IF 3.5 2区 生物学 Q1 MATHEMATICAL & COMPUTATIONAL BIOLOGY Pub Date : 2026-01-20 DOI: 10.1038/s41540-025-00640-9
Upasana Ray, Adarsh Singh, Debabrata Samanta, Riddhiman Dhar

Transcription factors play a central role in cancer growth, progression, and metastasis, and contribute to intratumor phenotypic plasticity that enable drug tolerance and cancer relapse. Changes in the regulatory activities of transcription factors in cancer may not always be detected from mutational signatures or differential expression of the transcription factors, as done in traditional analysis. In addition, past studies have focused on the activities of transcription factors in tumor as a whole and thus, have not fully captured the heterogeneity in gene regulation among different cell types within the tumor microenvironment. In this work, through an analysis of the transitions in regulatory network architecture and gene regulation dynamics, we identify the central transcription factors associated with lung adenocarcinoma progression. The gene NR2F1, associated with neurodevelopment and cancer dormancy, emerge as a key transcription factor in the progression of lung adenocarcinoma. We further identify transcription factors that are active in only cancer samples and uncover how changes in gene regulation dynamics influence intratumor heterogeneity. Taken together, our work elucidates the transitions in gene regulatory network during cancer progression, identifies central transcription factors in this process, and reveals the complex regulatory changes cooccurring in different cell types within the tumor microenvironment.

转录因子在癌症的生长、进展和转移中起着核心作用,并有助于肿瘤内表型的可塑性,从而使药物耐受和癌症复发。

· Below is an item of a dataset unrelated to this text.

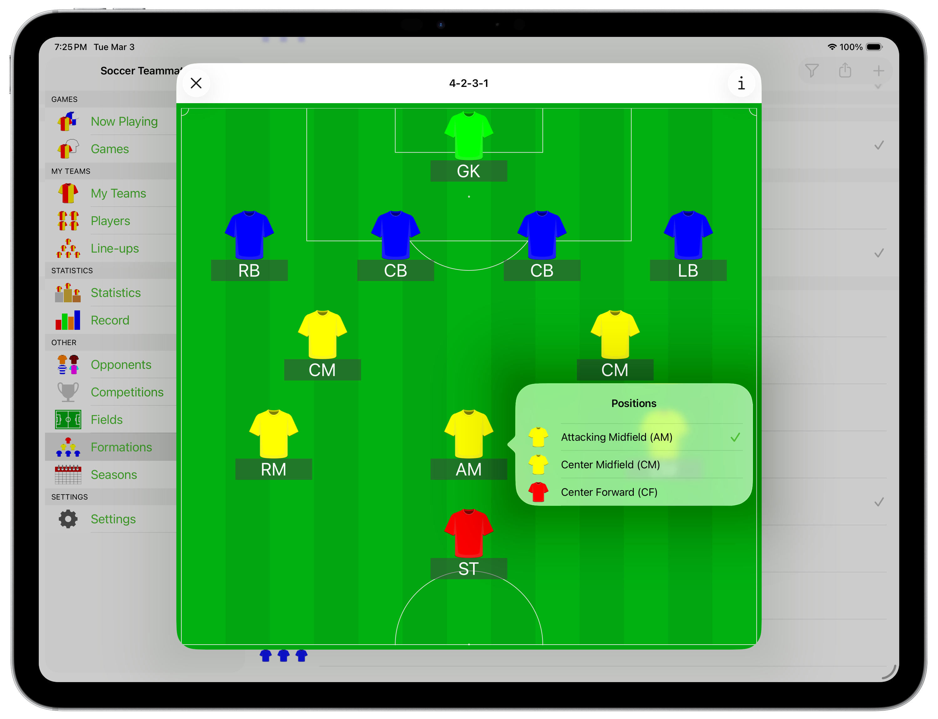 The Formations screen lists all the formations you have used and allows you to set default formations and change the name of the positions within a formation. If you use the same formation for all or most games, set it as the default.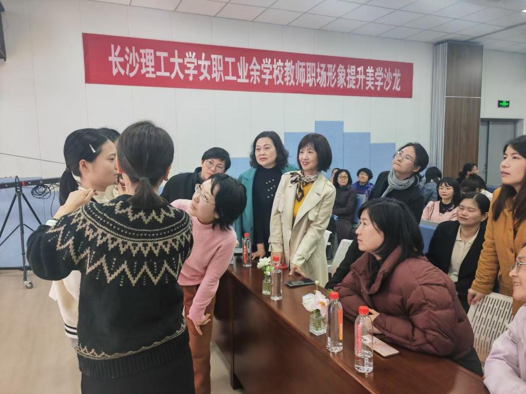 本次活动邀请到湖南师范大学武鹏博士担任主讲嘉宾,讲座围绕教师职业形象个人风格与服饰款型、色彩基础知识及服饰色彩搭配、适合教师的面妆造型技巧等方面进行了深入细致的讲解,并现场为老师们示范了日常职业妆容的化妆全程。通过专业的美学指导,帮助女职工了解职场着装风格、色彩搭配、化妆造型等相关知识,引导大家提升个人形象,彰显职业风采。

癌症中转录因子调控活性的变化可能并不总是像传统分析那样,从转录因子的突变特征或差异表达中检测出来。此外,过去的研究主要集中在肿瘤整体中转录因子的活性,因此没有完全捕捉到肿瘤微环境中不同细胞类型之间基因调控的异质性。在这项工作中,通过分析调控网络结构和基因调控动力学的转变,我们确定了与肺腺癌进展相关的中心转录因子。基因NR2F1与神经发育和癌症休眠相关,是肺腺癌进展的关键转录因子。我们进一步确定了仅在癌症样本中有活性的转录因子,并揭示了基因调控动力学的变化如何影响肿瘤内异质性。综上所述,我们的工作阐明了癌症进展过程中基因调控网络的转变,确定了这一过程中的中心转录因子,揭示了肿瘤微环境中不同细胞类型共同发生的复杂调控变化。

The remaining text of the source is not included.